During the long-term operation of a cluster, data recovery needs caused by hardware failures (such as physical disk and memory issues) or maintenance operations (like service node restarts) are necessary. The ABS data recovery mechanism aims to ensure data safety while fully utilizing hardware capabilities to accelerate recovery speed. It reduces the time during which data is degraded and minimizes the impact on business I/O, avoiding critical business disruptions caused by cluster data recovery storms.
When an exception occurs, ABS prioritizes recovering the following data to enhance security:
Data with a higher degree of loss, such as data that expects 2 replicas losing one, will have a higher recovery priority compared to data expecting 3 replicas losing one.
High-priority data specified by the user, such as data designated for volume pinning.
For temporary recoverable failures (such as interruptions caused by network fluctuations or data shards becoming inaccessible due to node/service restarts), ABS records the data state at the last moment the shard is removed during the exclusion of abnormal shards. After the node or Chunk service resumes normal access, the system prioritizes replaying the merged data increments generated during the exclusion period onto the removed shard. This increment is usually smaller than the full data size, significantly reducing the time required for data recovery.
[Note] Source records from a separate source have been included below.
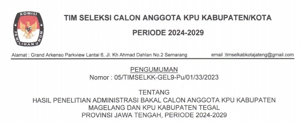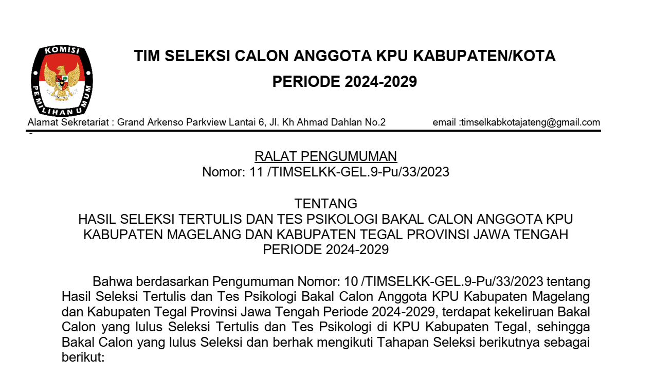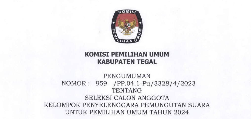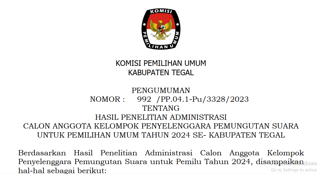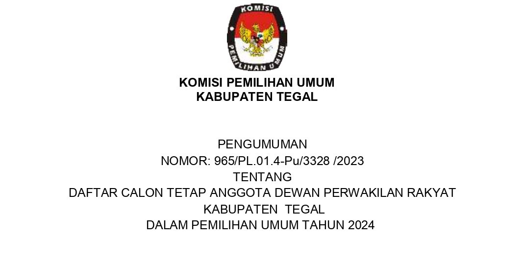 Bahwa untuk melaksanakan ketentuan Pasal 85 ayat (1) Peraturan KPU Nomor 10 Tahun 2023 tentang Pencalonan Anggota Dewan Perwakilan Rakyat, Dewan Perwakilan Rakyat Daerah Provinsi, dan Dewan Perwakilan Rakyat Daerah Kabupaten/Kota dan berdasarkan Keputusan Komisi Pemilihan Umum Kabupaten Tegal Nomor 460 Tahun 2023 tentang Daftar Calon Tetap Anggota Dewan Perwakilan Rakyat Kabupaten Tegal Dalam Pemilihan Umum Tahun 2024 tanggal 3 November 2023, Komisi Pemilihan Umum mengumumkan Daftar Calon Tetap (DCT) Anggota Dewan Perwakilan Rakyat Daerah Kabupaten Tegal dan persentase keterwakilan perempuan dalam DCT sebagaimana terlampir. Data lengkap calon tetap Anggota DPRD Kabupaten Tegal dapat dilihat melalui portal publikasi https://infopemilu.kpu.go.id/Pemilu.
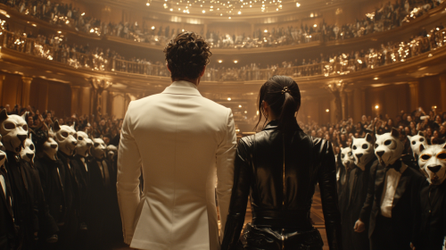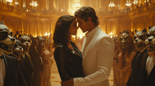 jake gyllenhall wearing a white suit, brings an asian woman in a modern black leather jacket into a large ballroom. THey are watched by a large crowd of people wearing animal masks --ar 16:9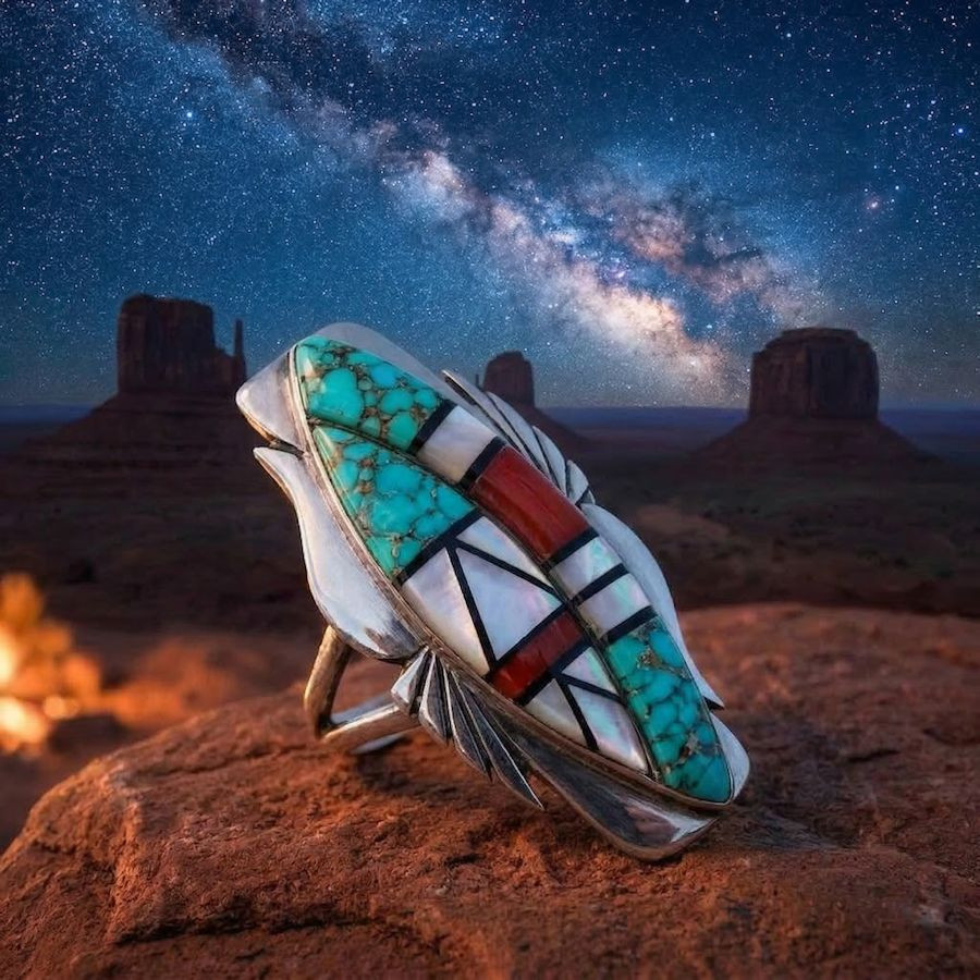 Bague en Argent 925 Pour Femme sertie de turquoise, nacre,jeais noir et corail,
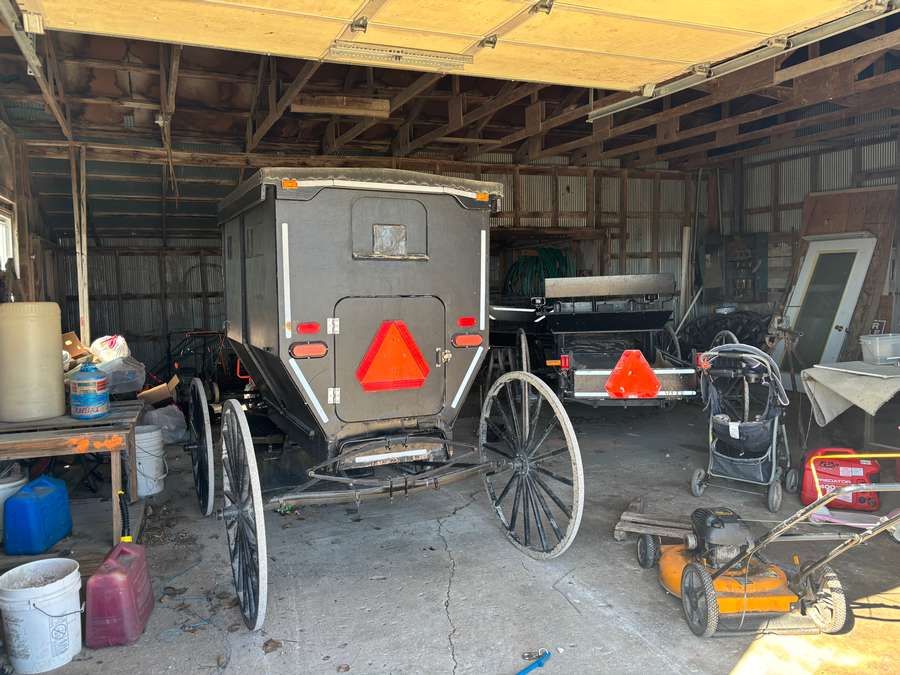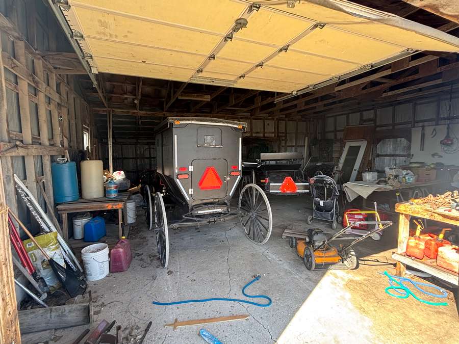 Multiple sheds and workshop buildings provide room for equipment, tools, feed storage, or hobby space.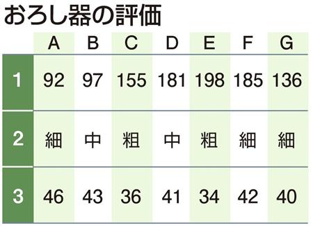 大根おろし一定量を茶こしに入れて2分間おき、水切り量(%)を測定すると、C、Eの量が目立って少なく、粒の粗さを裏付ける結果になりました。次いで水切り量が少なかったGは粒が細かかったことから、鋭い刃でつぶさずに切り取れたことが分かりました。逆にAは細かくて水分量が多いため、辛みが強くなりやすいといえます。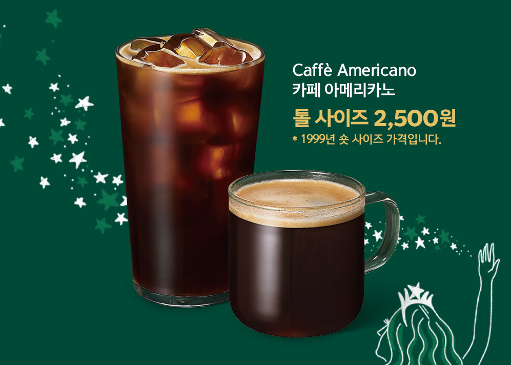 할인 적용 메뉴가 아쉽게 아메리카노 하나 뿐이지만, 요즘 같은 고물가 시대에 톨 사이즈가 2,500원이라니 매우 저렴하다고 할 수 있겠네요. 테이크아웃 커피 가격도 점점 올라가고 있는 마당에 많은 사람들이 스타벅스를 방문할 것이 예상됩니다. 참고로, 해당 가격은 1999년도 당시 스타벅스 아메리카노 숏 사이즈의 가격이었다고 하네요.

Each node in ABS monitors the following two statuses in real-time:
Hardware capabilities: This includes the capacities of physical disks and the network, which determine the upper and lower limits for handling recovery traffic.
User business I/O traffic.
Based on the above statuses, ABS provides two flow control strategies to meet the needs of different scenarios:
AUTO (Intelligent adjustment): Default mode. To protect business I/O, the system adaptively adjusts data recovery speed based on the current business load. When the workload is heavy, the system automatically reduces the recovery speed to maintain I/O stability.
STATIC (Static adjustment): Allows users to manually set the upper limit of the data recovery speed. When users want to protect normal I/O operations, they can set a smaller value (e.g., the default recovery and speed limit values). For faster recovery, a larger value (such as 500 MB/s) can be set. This setting applies to all Chunks under Meta; individual Chunk settings cannot be set.
In the routine operation of a cluster, it may be necessary to temporarily stop a node or a storage service when performing tasks like upgrading a service, restarting the kernel, or replacing hardware. ABS provides a node maintenance mode to handle these operations. After entering maintenance mode, cold data on the node that is not reported as normal for a relatively long period will not trigger data recovery either. If the hot data remains in a relatively safe mode after excluding data shards (for example, in a 3-replica policy, excluding one replica leaves 2 healthy replicas), data recovery will not be immediately triggered. Instead, it will wait for maintenance operations to complete, the node to return to normal, and exit maintenance mode. Data will then be efficiently restored through incremental recovery to minimize unnecessary recovery operations.